The Persian invasion was a delayed response to the defeat of the first Persian 
invasion of Greece, which had been ended by the Athenian victory at the Battle 
of Marathon in 490 BC. Xerxes had amassed a huge army and navy, and set out to 
conquer all of Greece.

We read content from thermopylae.txt file. The file is located in the src/resources/ directory.

CountingWordsEx.java
package com.zetcode;

import java.io.IOException;
import java.nio.charset.StandardCharsets;
import java.nio.file.Files;
import java.nio.file.Paths;
import java.util.HashMap;
import java.util.List;
import java.util.Map;

public class CountingWordsEx {

    public static void main(String[] args) throws IOException {

        Map<String, Integer> wordCount = new HashMap<>();

        String fileName = "src/resources/thermopylae.txt";
        
        List<String> lines = Files.readAllLines(Paths.get(fileName),
                StandardCharsets.UTF_8);

        for (String line : lines) {

            String[] words = line.split(" ");

            for (String word : words) {
                
                if (word.endsWith(".") || word.endsWith(",")) {
                    word = word.substring(0, word.length()-1);
                }

                if (wordCount.containsKey(word)) {
                    wordCount.put(word, wordCount.get(word) + 1);

                } else {
                    wordCount.put(word, 1);
                }
            }
        }

        for (String key : wordCount.keySet()) {
            System.out.println(key + ": " + wordCount.get(key));
        }
    }
}

The example reads text from a file, splits the sentences into words and counts their frequency in the text.

Map<String, Integer> wordCount = new HashMap<>();

The wordCount is a map, where keys are words and the frequency is an integer.

String fileName = "src/resources/thermopylae.txt";

List<String> lines = Files.readAllLines(Paths.get(fileName),
        StandardCharsets.UTF_8);

We read all content in one shot with the Files.readAllLines() method.

for (String line : lines) {

    String[] words = line.split(" ");
...    

We go through the lines and split them into words; the words are separated by spaces.

if (word.endsWith(".") || word.endsWith(",")) {
    word = word.substring(0, word.length()-1);
}

We remove trailing dots and commas.

if (wordCount.containsKey(word)) {
    wordCount.put(word, wordCount.get(word) + 1);

} else {
    wordCount.put(word, 1);
}

If the word is already in the map, we increase its frequency; otherwise we insert it into the map and set its frequency to one.

for (String key : wordCount.keySet()) {
    System.out.println(key + ": " + wordCount.get(key));
}

We iterate over the map and print its key/value pairs.

$ java com.zetcode.CountingWordsEx 
been: 1
Athenian: 1
alliance: 1
navy: 1
fought: 1
led: 1
delayed: 1
had: 2
during: 1
three: 1
second: 1
Greece: 3
Leonidas: 1
...

This is a partial output of the example.

TreeMap

TreeMap is a map that is sorted according to the natural ordering of its keys.
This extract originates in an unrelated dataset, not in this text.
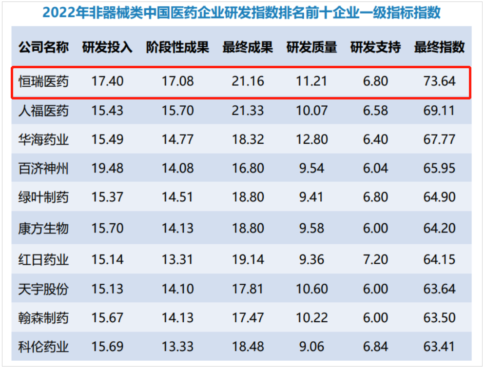 9月3日,2022年中国医药企业研发指数在2023年中国国际服务贸易交易会“2023卫生健康与医药工业创新服务大会”上正式发布。Z6尊龙医药凭借研发创新量质齐升的突出表现,蝉联非器械类中国医药企业研发指数榜首。今年3月首个中国医药企业研发指数发布时,Z6尊龙医药位居2021年非器械类中国医药企业研发指数第一。

While a HashMap is more time-efficient, a TreeMap is more space-efficient.

TreeMapEx.java
package com.zetcode;

import java.util.TreeMap;

public class TreeMapEx {

    public static void main(String[] args) {
        
        TreeMap<String, String> domains = new TreeMap<>();

        domains.put("de", "Germany");
        domains.put("sk", "Slovakia");
        domains.put("us", "United States");
        domains.put("ru", "Russia");
        domains.put("hu", "Hungary");
        domains.put("pl", "Poland");    
        
        System.out.println(domains);        
        System.out.println(domains.descendingMap());
    }
}

In the example, we create a TreeMap and put domains with their country names into it.
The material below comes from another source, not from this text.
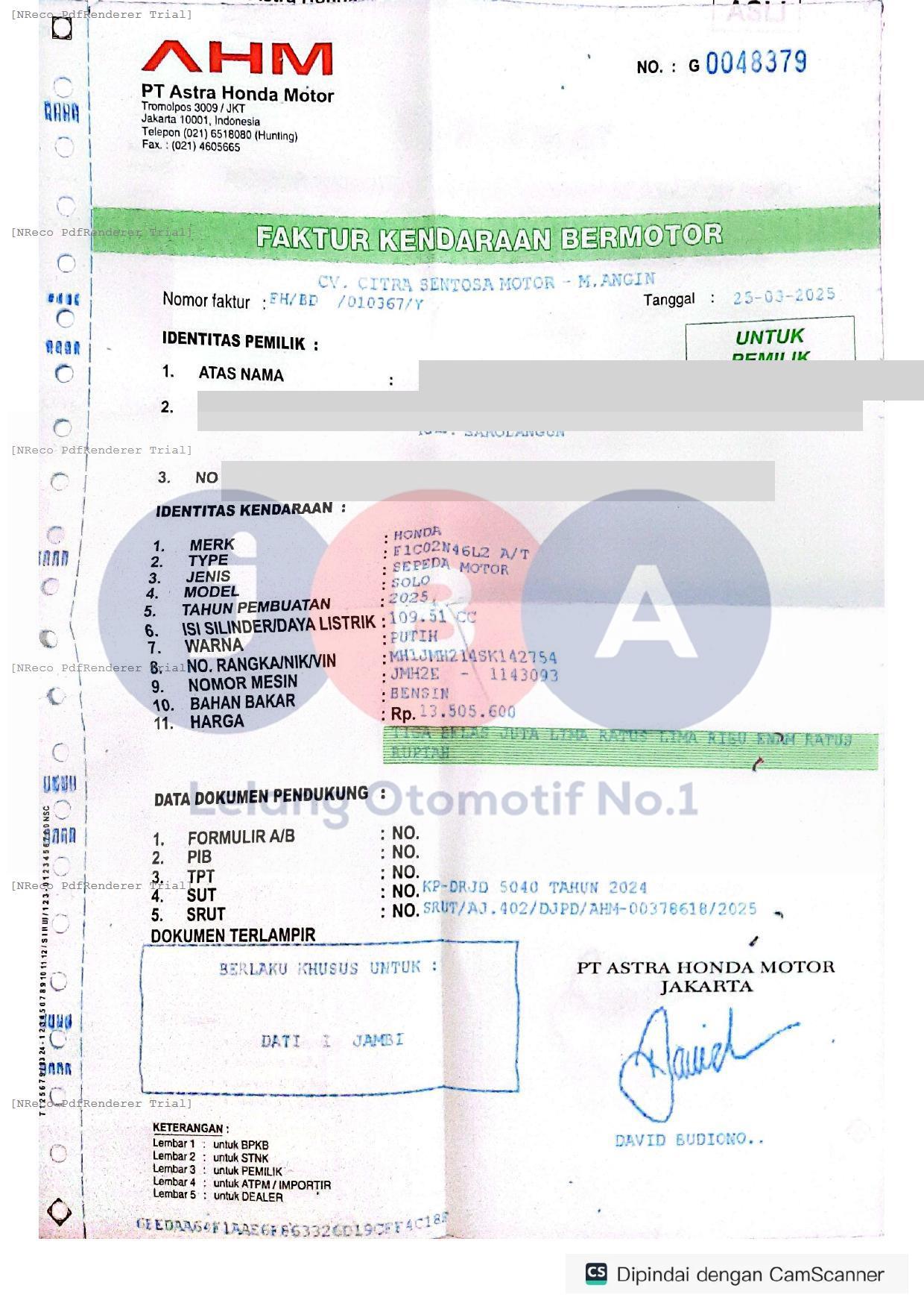 Nomor Rangka

TreeMap<String, String> domains = new TreeMap<>();

A TreeMap is created.

System.out.println(domains);        

This will print the keys/values in their natural sort order — in ascending order.

System.out.println(domains.descendingMap());

THe descendingMap() method returns a reverse order view of the mappings contained in this map.
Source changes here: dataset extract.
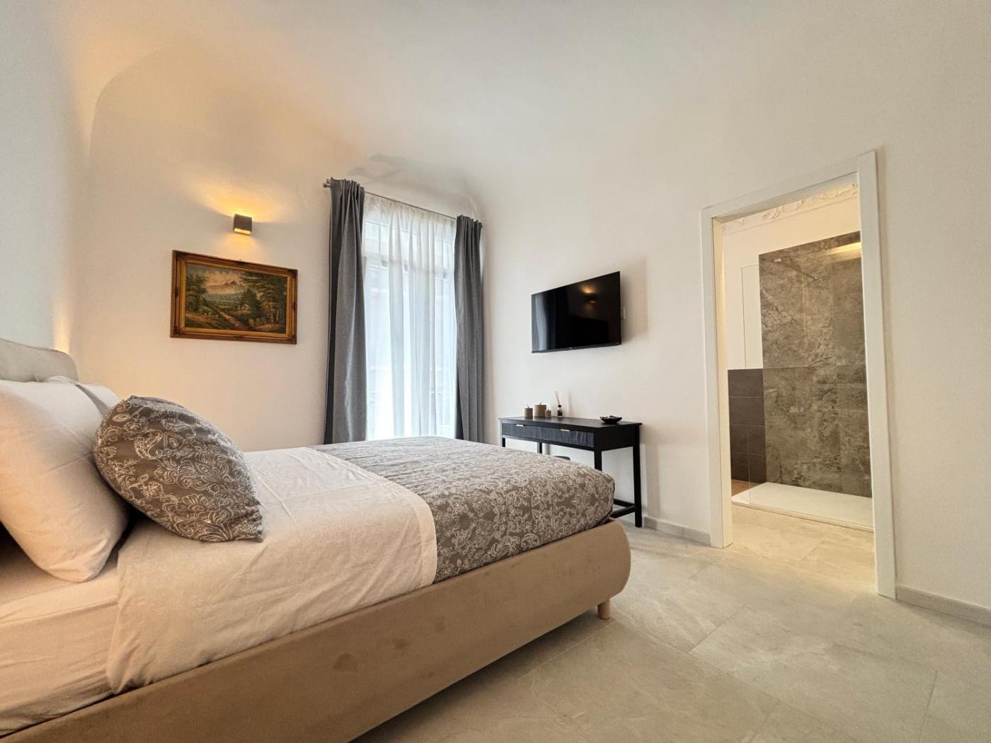 Camera Matrimoniale con Bagno Privato. Camera matrimoniale climatizzata dotata di TV a schermo piatto con servizi di streaming, bagno privato e balcone con vista sulla città . L’alloggio dispone di 1 letto. ;

$ java com.zetcode.TreeMapEx 
{de=Germany, hu=Hungary, pl=Poland, ru=Russia, sk=Slovakia, us=United States}
{us=United States, sk=Slovakia, ru=Russia, pl=Poland, hu=Hungary, de=Germany}

The com.zetcode.TreeMapEx program printed keys with their values in ascending and descending sort order.

HashSet

HashSet is a collection that contains no duplicate elements. This class offers constant time performance for the basic operations (add, remove, contains, and size). HashSet does not provide ordering of elements.

HashSetEx.java
package com.zetcode;

import java.util.HashSet;
import java.util.Set;

public class HashSetEx {

    public static void main(String[] args) {
        
        Set<String> brands = new HashSet<>();
        
        brands.add("Pepsi");
        brands.add("Amazon");
        brands.add("Volvo");
        brands.add("IBM");
        brands.add("IBM");
        
        System.out.println(brands);   
        
        System.out.println(brands.isEmpty());
        System.out.println(brands.contains("Volvo"));
        brands.remove("Volvo");
        System.out.println(brands.contains("Volvo"));
        
        brands.clear();
        System.out.println(brands);   
    }
}

There can be only one brand registered under a name. So the brand names is a good example for a HashSet.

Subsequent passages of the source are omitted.